GSTIN stands for Goods and Services Tax Identification Number in India. It is a standard registration number for a person who have registered for Goods and Services Tax(GST). You need to register to GSTIN once you cross a threshold of turnover. In this article let’s understand how we can create a regex for GSTIN and how regex can be matched for GSTIN number.
Regex (short for regular expression) is a powerful tool used for searching and manipulating text. It is composed of a sequence of characters that define a search pattern. Regex can be used to find patterns in large amounts of text, validate user input, and manipulate strings. It is widely used in programming languages, text editors, and command line tools.
Structure of GSTIN
- It should be 15 characters long.
- The first 2 characters should be a number.
- The next 10 characters should be the PAN number of the taxpayer.
- The 13th character (entity code) should be a number from 1-9 or an alphabet.

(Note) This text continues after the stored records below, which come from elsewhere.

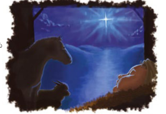
வெளி. 12ம் அதிகாரத்தில் குறிப்பிடப்பட்டிருக்கிற குழந்தை இயேசுவே.

பதில்: அந்த குழந்தை இயேசுவே. ஒருநாள் அவர் அனைத்து மக்களையும் இருப்புக்கோலால் ஆட்சிசெய்வார் (வெளி. 19:13–16; சங். 2:7–9). நமக்காக சிலுவையில் அறையப்பட்ட இயேசு மரித்தோரிலிருந்து உயிர்த்தெழுந்து பரலோகத்திற்கு ஏறினார் (அப். 1:9–11). நமது வாழ்க்கையிலிருக்கும் அவருடைய உயிர்த்தெழுதும் வல்லமை கிறிஸ்து தமது சபைக்குக் கொடுக்கிற அத்தியாவசிய ஈவுகளில் ஒன்று (பிலி. 3:10).
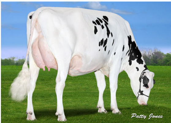
CLAYNOOK COLITA BOMBERO THIRD DAM
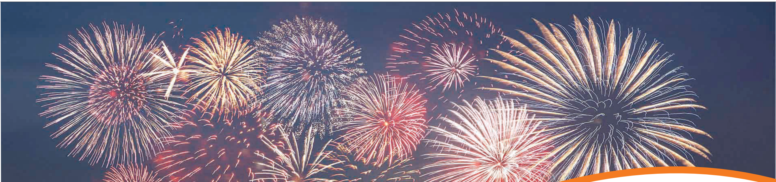
跨年焰火。(资料图片)

- The 14th character should be Z.
- The 15th character should be an alphabet or a number.
Regex for checking if GSTIN is valid
Regular Expression-
/^[0-9]{2}[A-Z]{5}[0-9]{4}[A-Z]{1}[1-9A-Z]{1}Z[0-9A-Z]{1}$/gm
Test string examples for the above regex-
Input String | Match Output |
---|---|
06AAD2V1160H122 | does not match |
13BZWCV3512J1ZB | matches |
222222222222222 | does not match |
06AADCV1460H1ZI | matches |
Here is a detailed explanation of the above regex-
/^[0-9]{2}[A-Z]{5}[0-9]{4}[A-Z]{1}[1-9A-Z]{1}Z[0-9A-Z]{1}$/gm
^ asserts position at start of a line
Match a single character present in the list below [0-9]
{2} matches the previous token exactly 2 times
0-9 matches a single character in the range between 0 (index 48) and 9 (index 57) (case sensitive)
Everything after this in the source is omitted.